Account the total number of microorganisms in air using Omeliansky’s formula (exposure is 5 min).

Compare with normative data and make a conclusion.

4. Determine a coli-titer and coli-index of water using method of membrane filters.

Account coliform colonies on the filter.

Determine a coli-titer and coli-index of water (the volume of water passed through the filter is 500 ml (sample 1); is 100 ml (sample 2); is 1000 ml (sample 3))

Compare with normative data for tap water and make a conclusion about quality of water.

Lesson 48

Theme: Virology.

Morphology and structure of the viruses.

Methods of their cultivation.

I. STUDENTS’ INDEPENDENT STUDY PROGRAM

1. Classification, structure and chemical composition of viruses:

a – basis principles of classification of viruses; modern classification of viruses.

b – structure of a virion, their dimensions; simple (naked) and complex (enveloped) viruses;

c – types of virus symmetry;

d –chemical composition of viruses

2. Main methods of cultivation of viruses:

a – inoculation of a laboratory animal;

b – inoculation of a embryonated eggs;

c – inoculation into the cell cultures, their types and classification.

3. Types of interaction of viruses and sensitive cells.

4. Replicative cycle of a virus in the host cell:

5. Prions and viroids as causative agents of different diseases. Their biological properties.

Viruses are the smallest infectious agents (20-300 nm in diameter), containing of the one kind of nucleic acid (RNA or DNA) as their genome, usually as single molecule. The nucleic acid is enclosed in a protein shell, and the entire infectious unit is termed a virion. Viruses replicate only into the living cells.

Some Useful Definitions in Virology

Capsid: The symmetric protein coat (shell) that encloses the nucleic acid genome.

Nucleocapsid: The capsid together with the enclosed nucleic acid.

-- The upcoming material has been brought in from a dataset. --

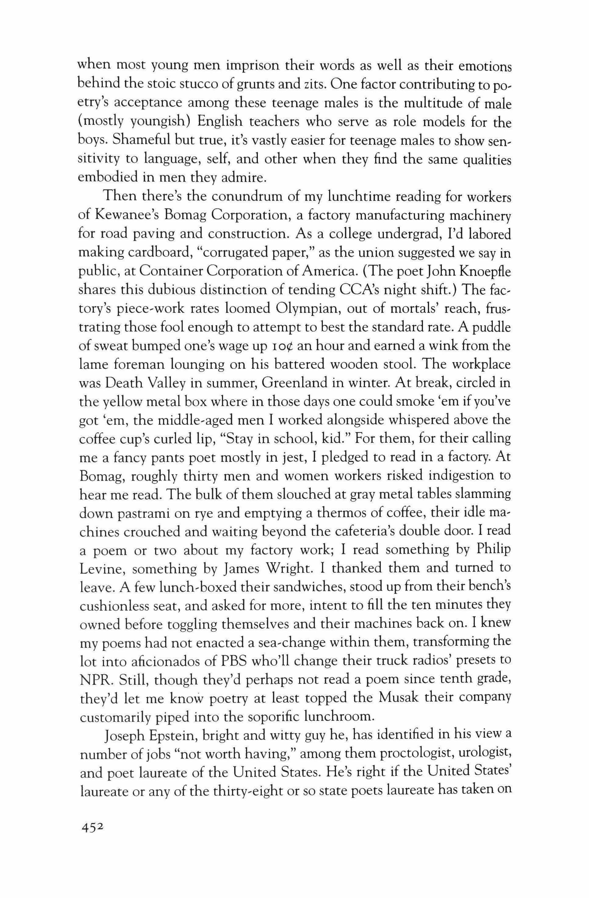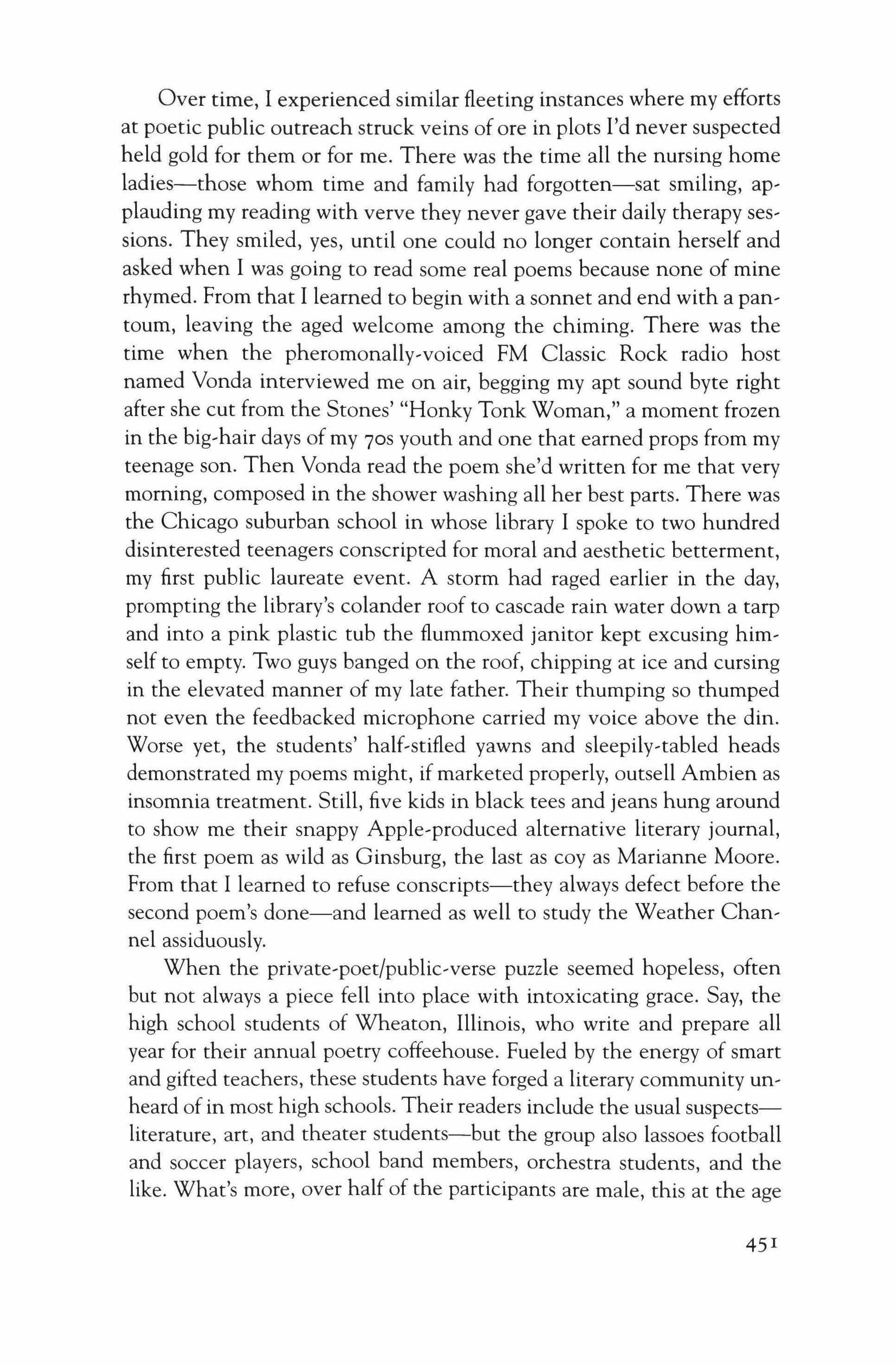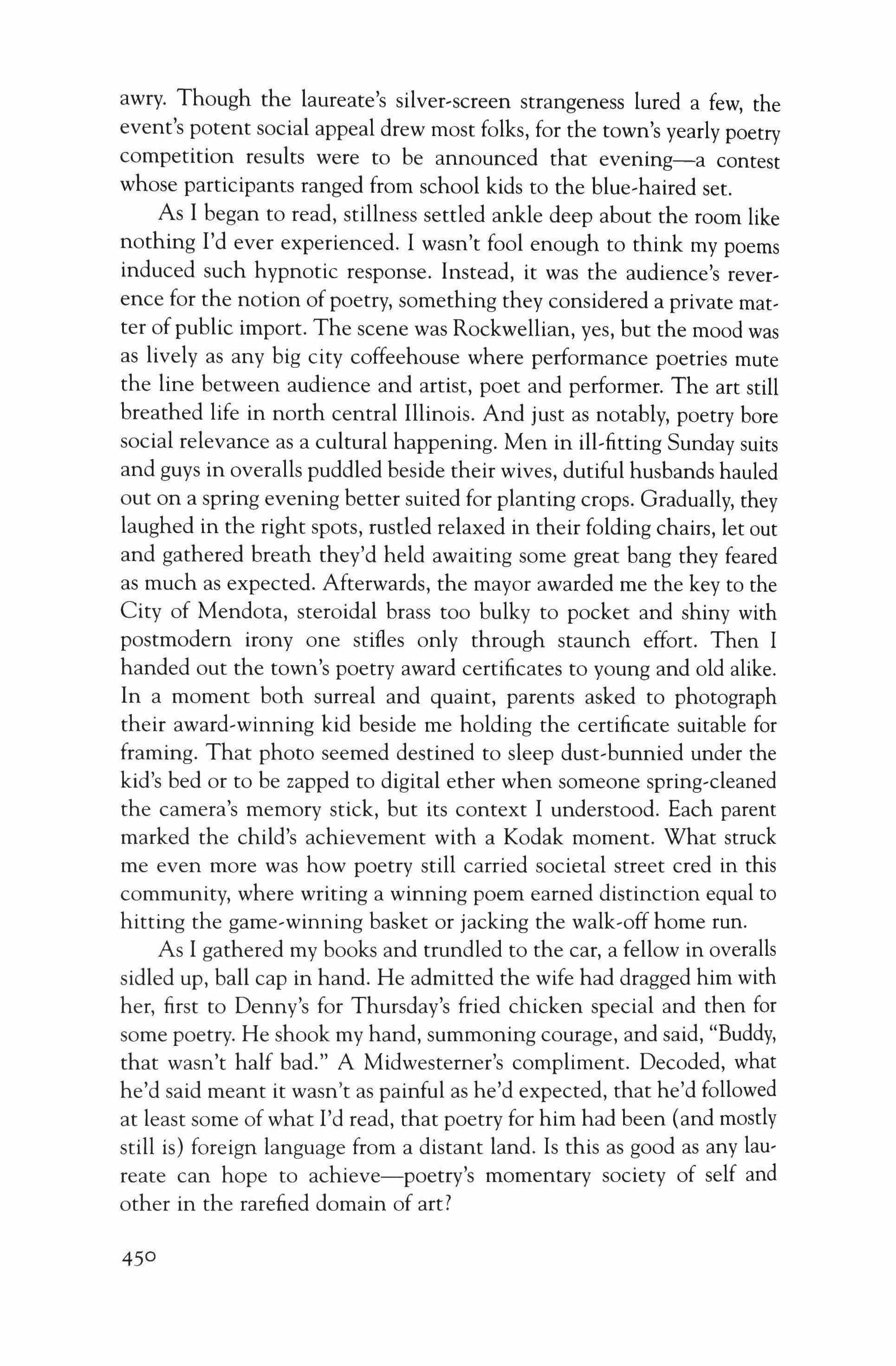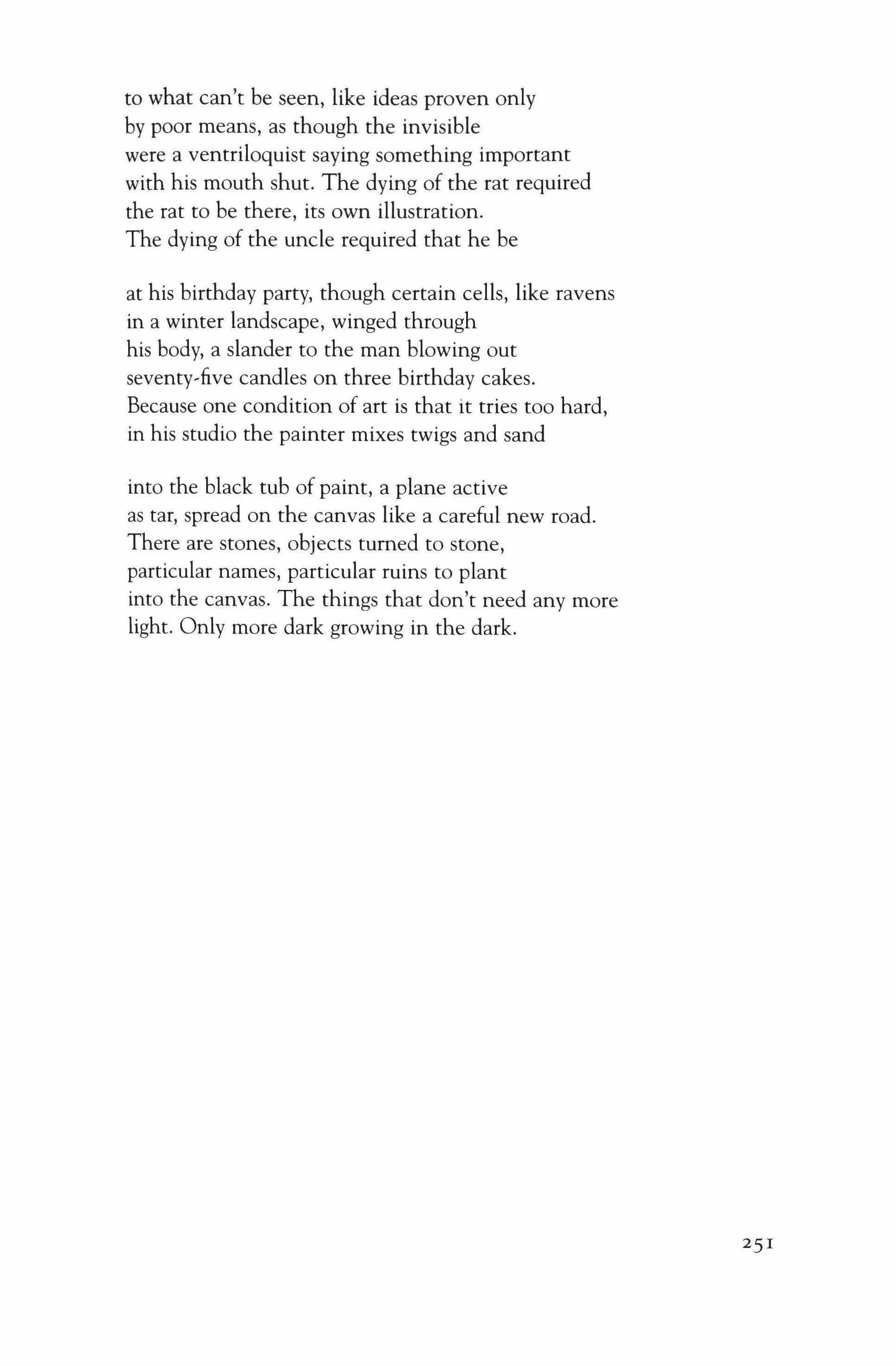 ton, 2006), and On Burning Ground: Thirty Years ofThinking About Poetry (University of Michigan Press, 2009). She is currently at work on a new collection of verse, of which "Aftermath" is the title poem and a prose work tentatively titled The Culinary Imagination. William Giraldi teaches at Boston University and is Senior Fiction Editor for the journal AGNI. His work has appeared recently in Georgia Review, Southern Review, Kenyon Review, and Antioch Review. laurence Goldstein is Professor English at the University of Michigan and the editor of Michigan Quarterly Review from 19772009. His fourth book of poems is A Room in California (Northwestern University Press/TriQuarterly Books, 2005). With Robert Chrisman, he coedited Robert Hayden: Essays on the Poetry (University of Michigan Press, 2005.). Debora Greger's most recent book of poems, Men, Women, and Ghosts, was published by Penguin in 2008. Jennifer Grotz is the author of Cusp (Houghton Mifflin, 2003). Brian Henry's most recent book is The Stripping Point (Counterpath, 2007). His translation of Tomas Salamua's Woods and Chalices appeared from Harcourt in 2008. Denis Hirson has published five books, all of them concerned with the memory of the apartheid years in South Africa, all of them crossing the frontier between prose and poetry: The House Next Door to Africa, I Remember King Kong (the Boxer), We Walk Straight So You Better Get Out the Way, White Scars, and Gardening in the Dark. White Scars was runner-up in 2007 for the major South African non-fiction prize, the Alan Paton Award. Hirson is

Capsomeres: Capsomeres represent clusters of polypeptides, which form the capsid.

Virion: The complete infective virus particle, which in some instances (adenoviruses, papovaviruses, picornaviruses) may be identical with the nucleocapsid. In more complex virions (herpesviruses, myxoviruses) it includes the nucleocapsid plus a surrounding envelope.

Defective virus: A virus particle that is functionally deficient in some aspect of replication. Defective virus may interfere with the replication of normal virus.

Evolutionary origin of viruses. The origin of viruses is not known. Three hypotheses have been proposed:

(1) Viruses became parasites of primitive cells, and they evolved together. Many viruses today cause no host cell damage and remain latent in the host.